## Collected data:
============================================================

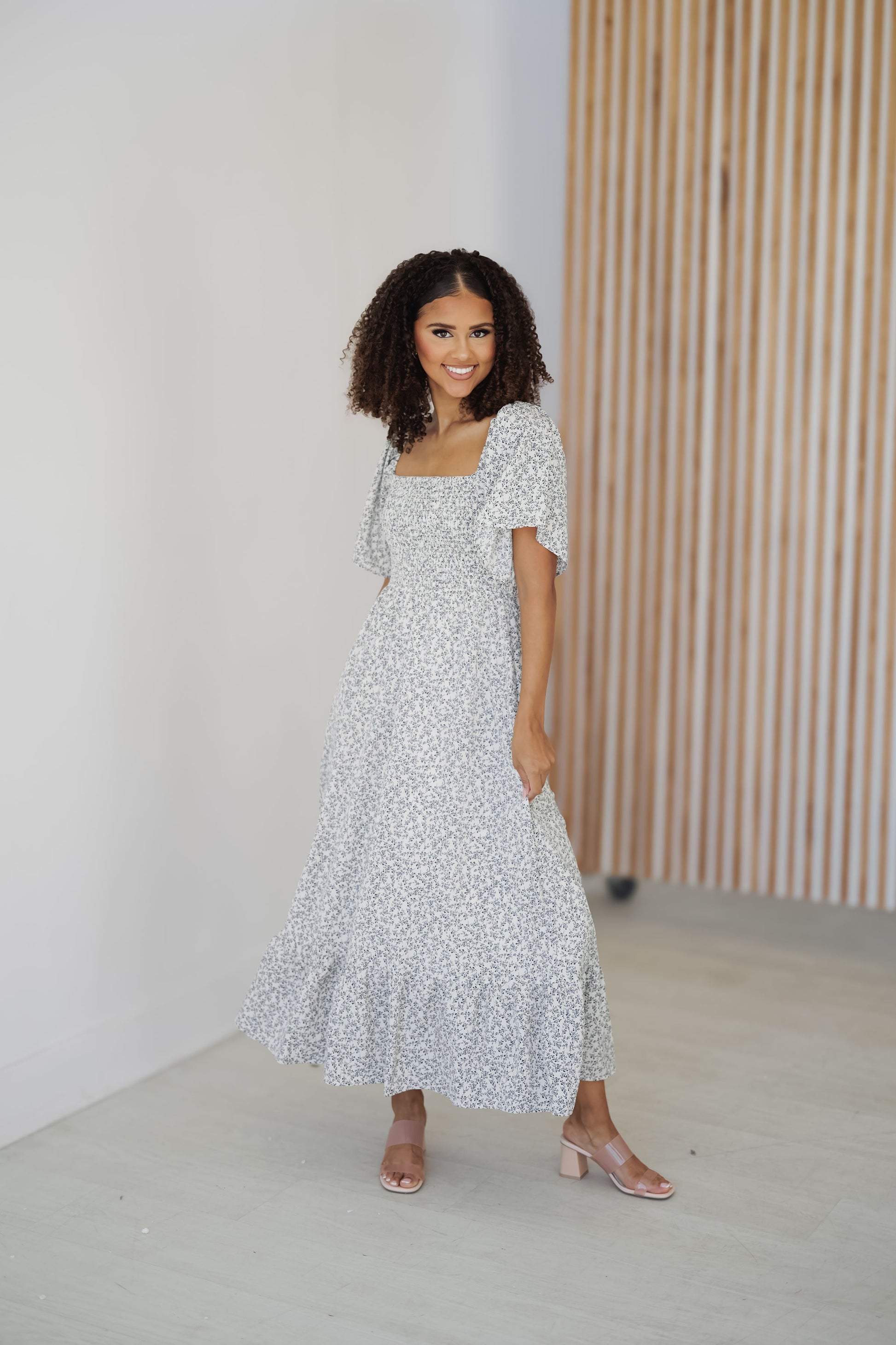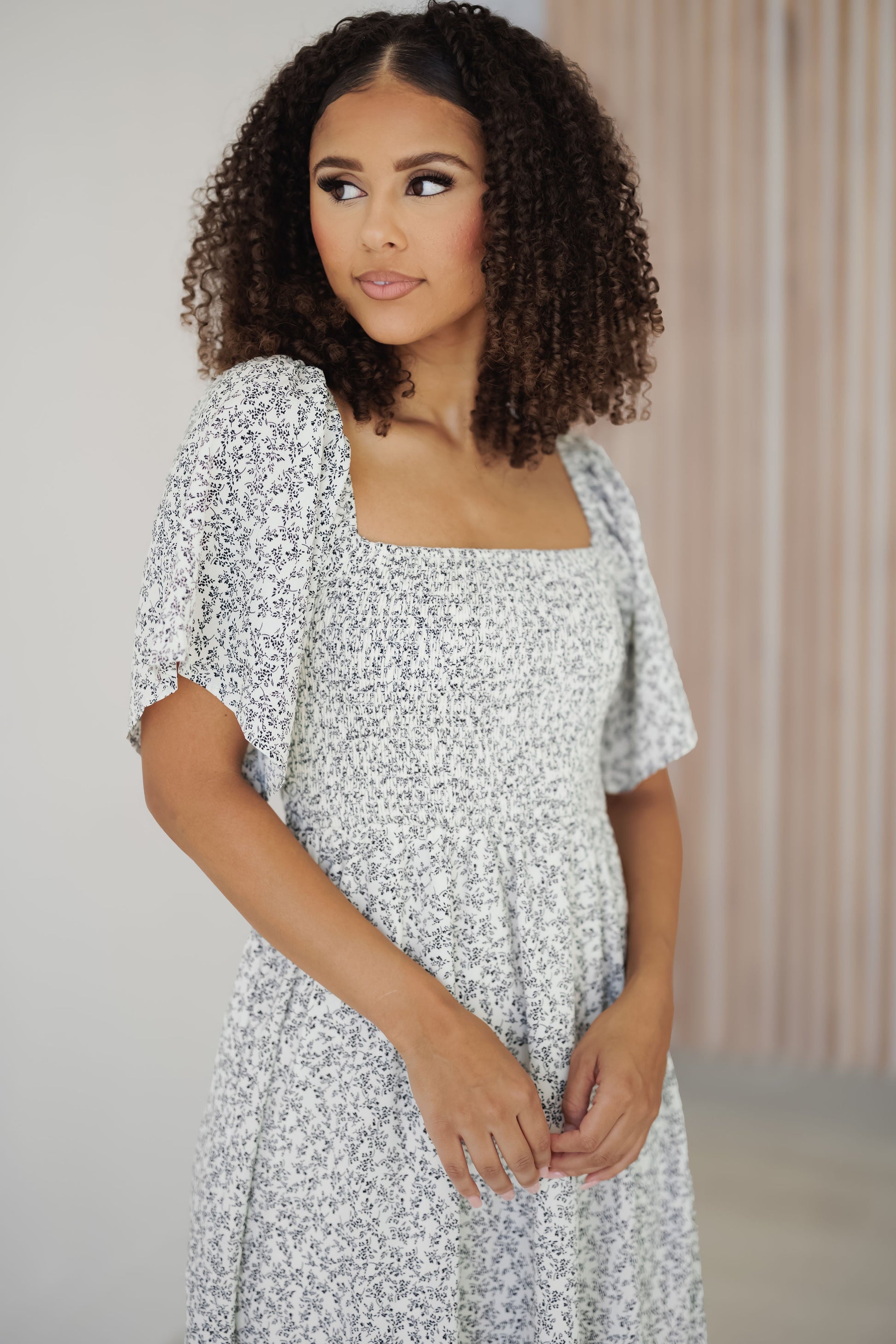 Embrace simplistic charm in the "Alicia Dress!" This classic midi dress is a stunning and timeless option for the fall, as well as transitioning into winter. Featuring a white base with black florals throughout, along with a fully smocked top and side pockets, this dress is effortlessly flattering. The short flowy sleeves make this dress even more feminine and versatile!
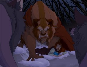 The Beast, in contrast, starts as a snarling dangerous monster, who takes Belle and her father prisoner and slowly progresses into a gentle, kindhearted person.
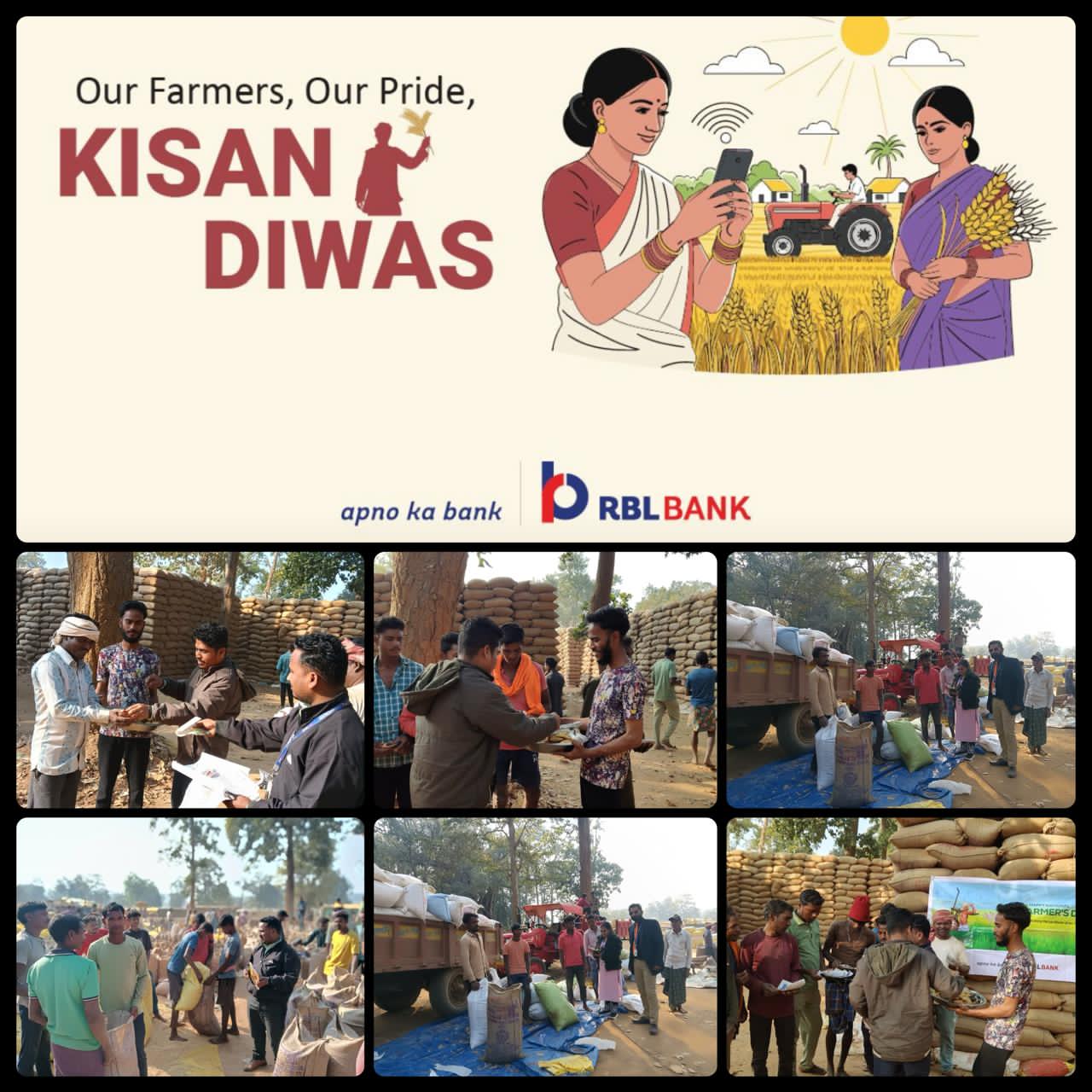 कार्यक्रम के दौरान आरबीएल बैंक के कपिल वर्मा, तेजलाल सहित बैंक के अन्य स्टाफ सदस्यों ने उपस्थित किसानों से संवाद किया और उन्हें खेती के क्षेत्र में आगे बढ़ने, आधुनिक कृषि तकनीक अपनाने तथा आने वाले वर्ष में बेहतर उत्पादन करने के लिए प्रेरित और प्रोत्साहित किया। बैंक स्टाफ ने किसानों को यह भरोसा दिलाया कि आरबीएल बैंक सदैव किसानों के साथ खड़ा है और उनकी आर्थिक मजबूती के लिए हर संभव सहयोग करता रहेगा। किसान दिवस के अवसर पर किसानों के चेहरे पर मुस्कान लाने के लिए आरबीएल बैंक की ओर से मिठाइयों का वितरण भी किया गया। इस छोटे लेकिन आत्मीय प्रयास ने किसानों का दिल जीत लिया और बैंक व किसानों के बीच विश्वास और सहयोग का रिश्ता और भी मजबूत हुआ।स्थानीय किसानों ने इस आयोजन की सराहना करते हुए कहा कि इस प्रकार के कार्यक्रम न केवल किसानों का मनोबल बढ़ाते हैं, बल्कि उन्हें भविष्य के लिए नई ऊर्जा और आत्मविश्वास भी प्रदान करते हैं। कुल मिलाकर, ग्राम पंचायत कोलवाल के धान खरीदी केंद्र में आयोजित यह किसान दिवस कार्यक्रम किसान हितैषी सोच और सकारात्मक पहल का बेहतरीन उदाहरण बनकर सामने आया।

============================================================

## Work order:
Exactly as written, return each line above and leave the pictures behind.

## Answer to the problem:
 Embrace simplistic charm in the "Alicia Dress!" This classic midi dress is a stunning and timeless option for the fall, as well as transitioning into winter. Featuring a white base with black florals throughout, along with a fully smocked top and side pockets, this dress is effortlessly flattering. The short flowy sleeves make this dress even more feminine and versatile!
 The Beast, in contrast, starts as a snarling dangerous monster, who takes Belle and her father prisoner and slowly progresses into a gentle, kindhearted person.
 कार्यक्रम के दौरान आरबीएल बैंक के कपिल वर्मा, तेजलाल सहित बैंक के अन्य स्टाफ सदस्यों ने उपस्थित किसानों से संवाद किया और उन्हें खेती के क्षेत्र में आगे बढ़ने, आधुनिक कृषि तकनीक अपनाने तथा आने वाले वर्ष में बेहतर उत्पादन करने के लिए प्रेरित और प्रोत्साहित किया। बैंक स्टाफ ने किसानों को यह भरोसा दिलाया कि आरबीएल बैंक सदैव किसानों के साथ खड़ा है और उनकी आर्थिक मजबूती के लिए हर संभव सहयोग करता रहेगा। किसान दिवस के अवसर पर किसानों के चेहरे पर मुस्कान लाने के लिए आरबीएल बैंक की ओर से मिठाइयों का वितरण भी किया गया। इस छोटे लेकिन आत्मीय प्रयास ने किसानों का दिल जीत लिया और बैंक व किसानों के बीच विश्वास और सहयोग का रिश्ता और भी मजबूत हुआ।स्थानीय किसानों ने इस आयोजन की सराहना करते हुए कहा कि इस प्रकार के कार्यक्रम न केवल किसानों का मनोबल बढ़ाते हैं, बल्कि उन्हें भविष्य के लिए नई ऊर्जा और आत्मविश्वास भी प्रदान करते हैं। कुल मिलाकर, ग्राम पंचायत कोलवाल के धान खरीदी केंद्र में आयोजित यह किसान दिवस कार्यक्रम किसान हितैषी सोच और सकारात्मक पहल का बेहतरीन उदाहरण बनकर सामने आया।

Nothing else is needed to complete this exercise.